In November 2015, investigators released what they consider the final updated database and study results. The optimal pharmacologic therapy alone group had a primary end point event rate above the predicted rate (67.5% vs 40%) and a secondary end point rate of all-cause mortality less than expected (18.5% vs 24%). After the entire trial event rates were normalized to 12 months follow-up, however, all-cause mortality was 25%. The effect sizes for the primary end point were somewhat less as well, in both device arms (18 to 19% vs 25%), but the all-cause mortality was greater in the cardiac resynchronization therapy defibrillator arm than predicted (36% vs 25%).

“In terms of statistical power, for the primary end point slightly lower than expected effect sizes were balanced by a higher than expected control arm event rate leading to a slightly higher than expected absolute event rate reduction in both device arms,” researchers wrote. “For the all-cause mortality secondary end point a slightly lower than expected optimal pharmacologic therapy arm 12-month event rate was overcome by a higher than expected effect size in the cardiac resynchronization therapy defibrillator arm.”

In the cardiac resynchronization therapy defibrillator vs optimal pharmacologic therapy comparisons, the primary end point and mortality were significant (P=.014 and P=.003, respectively). In the cardiac resynchronization therapy pacemaker arm vs optimal pharmacologic therapy comparisons, the primary outcome was also significant (P=.016) but with mortality having a non-significant beneficial trend (P=.059).

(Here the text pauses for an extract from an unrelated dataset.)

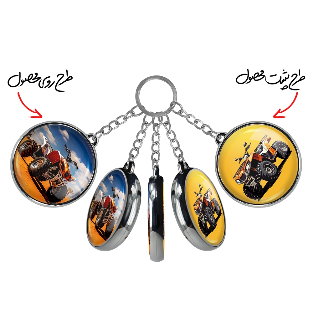 جاکلیدی دوطرفه موتور چهار چرخ خندالو محصولی کاربردی و جدید است که در هر دو سمت محصول، تصویری متفاوت اما از یک موضوع چاپ شده و تفاوت اصلی آن با جاکلیدی های یک طرفه در همین است که هر دو سمت پشت و روی جاکلیدی، طرحی دیدنی و جذاب دارد.

Additionally, investigators analyzed the affects of taking multiple neurohormonal inhibitors, which was defined as a regimen of an angiotensin-converting enzyme inhibitor (ACEI) or an angiotensin receptor blocker (ARB) plus a beta-blocker. Both devices were deemed highly effective in the presence of these standard HFrEF pharmacologic classes with “hazard ratios numerically lower and effect sizes that were higher than the entire cohort.” In addition, in a subpopulation of patients who received “triple neurohormonal inhibitors” (ACEI/ARB plus beta-blocker and spironolactone), mortality end points and cardiovascular hospitalization and mortality were even lower (56% mortality in the defibrillator group alone).

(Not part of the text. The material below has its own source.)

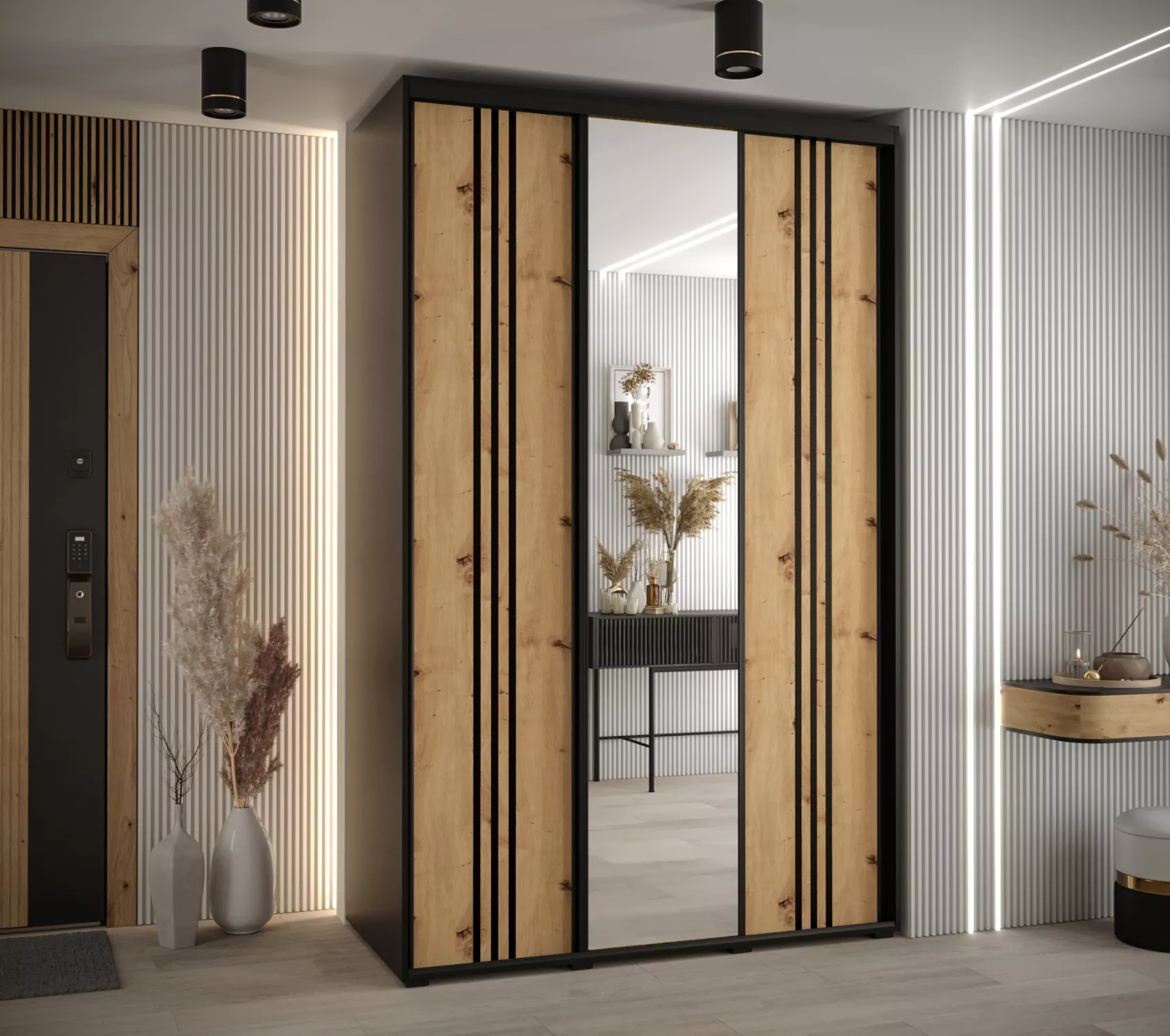 Šatní skříň YVONA 7 - 160/60 cm, černá / dub artisan / černá

“That is, cardiac resynchronization therapy may be more effective on a background of maximal neurohormonal inhibitors than in the absence of such therapy,” the authors noted. “The most general explanation for this is that cardiac resynchronization therapy is operating through a mechanism separate from neurohormonal inhibitors, and its effects are therefore additive.”

Investigators concluded that the “COMPANION indication” (ie, the FDA-approval of the device for both intermediate functional outcomes and mortality plus hospitalization for any cause and mortality) is for HFrEF patients with the specific COMPANION inclusion criteria who remain symptomatic despite stable, optimal pharmacologic therapy.

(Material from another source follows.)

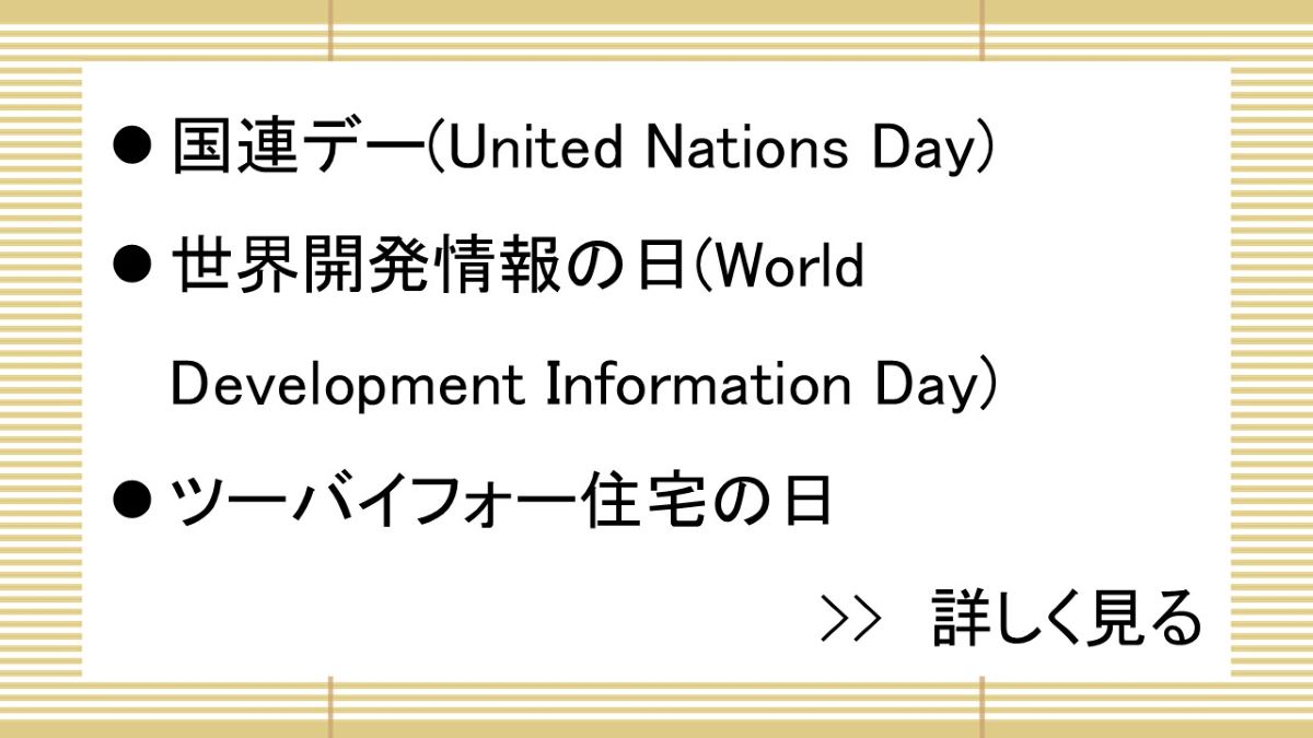 国際デーの一つ。1948(昭和23)年から実施。1945(昭和20)年、ソ連の国際連合憲章への批准により、発効に必要な20か国の批准が得られたため、国連憲章が発効し、国際連合が発足した。日本は1956(昭和31)年に加入が認められた。1971(昭和46)年の国連総会で、国連加盟国はこの日を公的な休日として記念するよう勧告された。

They added that current optimal therapy may need to be revised to include ivabradine for patients on beta-blockers with persistently higher heart rates or sacubitril-valsartan instead of an ACEI, but neither agent should compromise cardiac resynchronization therapy effectiveness.

Reference

Bristow MR, Saxon LA, Feldman AM, Mei C, Anderson SA, DeMets DL. Lessons learned and insights gained in the design, analysis, and outcomes of the COMPANION trial. JACC Heart Fail. 2016. doi:10.1016/j.jchf.2016.02.019.